| Activity |
Each line below should be repeated exactly, but no picture should be carried over.

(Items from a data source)
┄┄┄┄┄┄┄┄┄┄

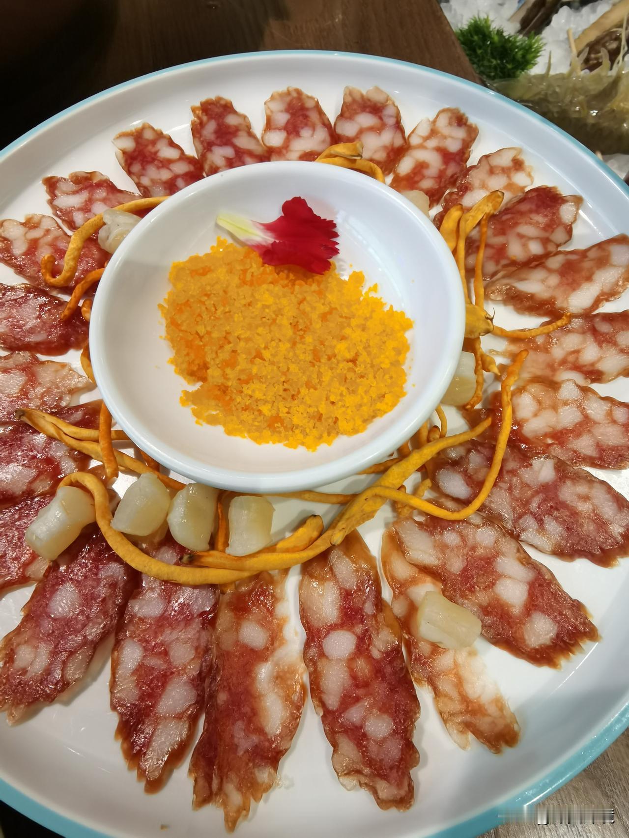 喝粥必备咸香四宝——香肠、虫草花、瑶柱和咸蛋黄。
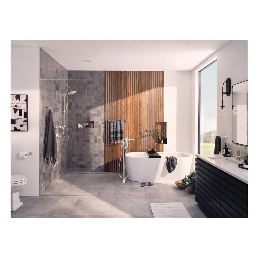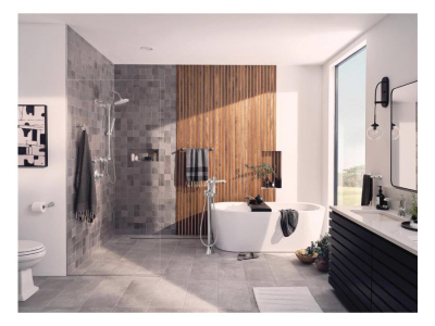 The Flara bathroom suite beautifully blends timeless classics with contemporary flair. The faucet's bold details, clean lines and expressive, gestural flared surfaces combine with slim proportions and a tall, elegant stature for a striking appearance. The Flara bathroom suite includes single-handle and two-handle faucet options, matching tub/shower fixtures, a tub-filler faucet, and a broad selection of matching accessories that provides a cohesive look throughout the bath.
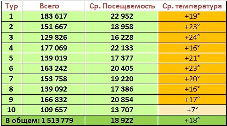 Изменение посещаемости в сравнении с прошлым сезоном:
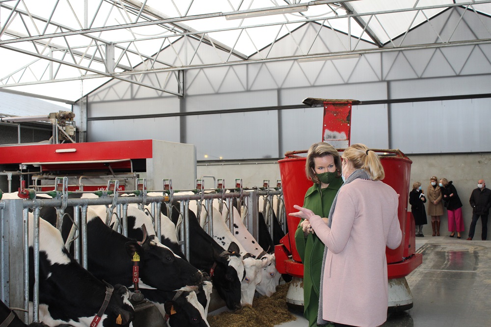 Na afloop van dat gesprek bracht de koningin nog een kort bezoek aan de stallen op het melkveebedrijf met innovatieve technieken zoals een automatische voederrobot, een melkrobot en een biogasinstallatie. Het bedrijf is een toonbeeld van duurzame melkveehouderij.
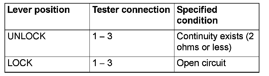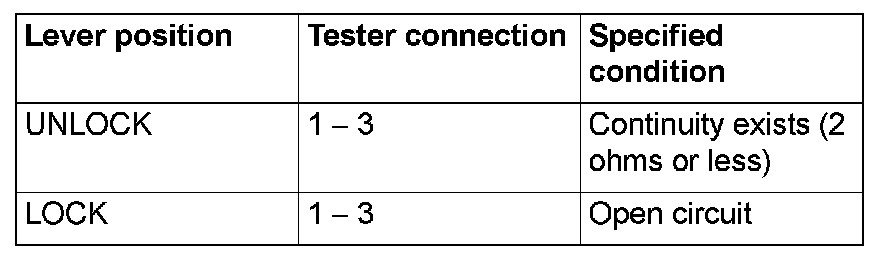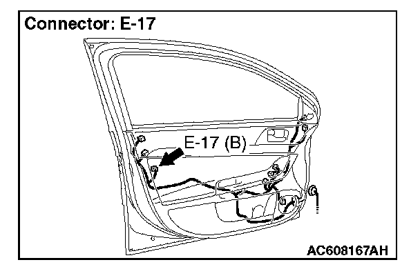 Disconnect front door lock actuator (LH) connector E-17. Then check continuity between the terminals.

┄┄┄┄┄┄┄┄┄┄

| Task response |
 喝粥必备咸香四宝——香肠、虫草花、瑶柱和咸蛋黄。
 The Flara bathroom suite beautifully blends timeless classics with contemporary flair. The faucet's bold details, clean lines and expressive, gestural flared surfaces combine with slim proportions and a tall, elegant stature for a striking appearance. The Flara bathroom suite includes single-handle and two-handle faucet options, matching tub/shower fixtures, a tub-filler faucet, and a broad selection of matching accessories that provides a cohesive look throughout the bath.
 Изменение посещаемости в сравнении с прошлым сезоном:
 Na afloop van dat gesprek bracht de koningin nog een kort bezoek aan de stallen op het melkveebedrijf met innovatieve technieken zoals een automatische voederrobot, een melkrobot en een biogasinstallatie. Het bedrijf is een toonbeeld van duurzame melkveehouderij.
 Disconnect front door lock actuator (LH) connector E-17. Then check continuity between the terminals.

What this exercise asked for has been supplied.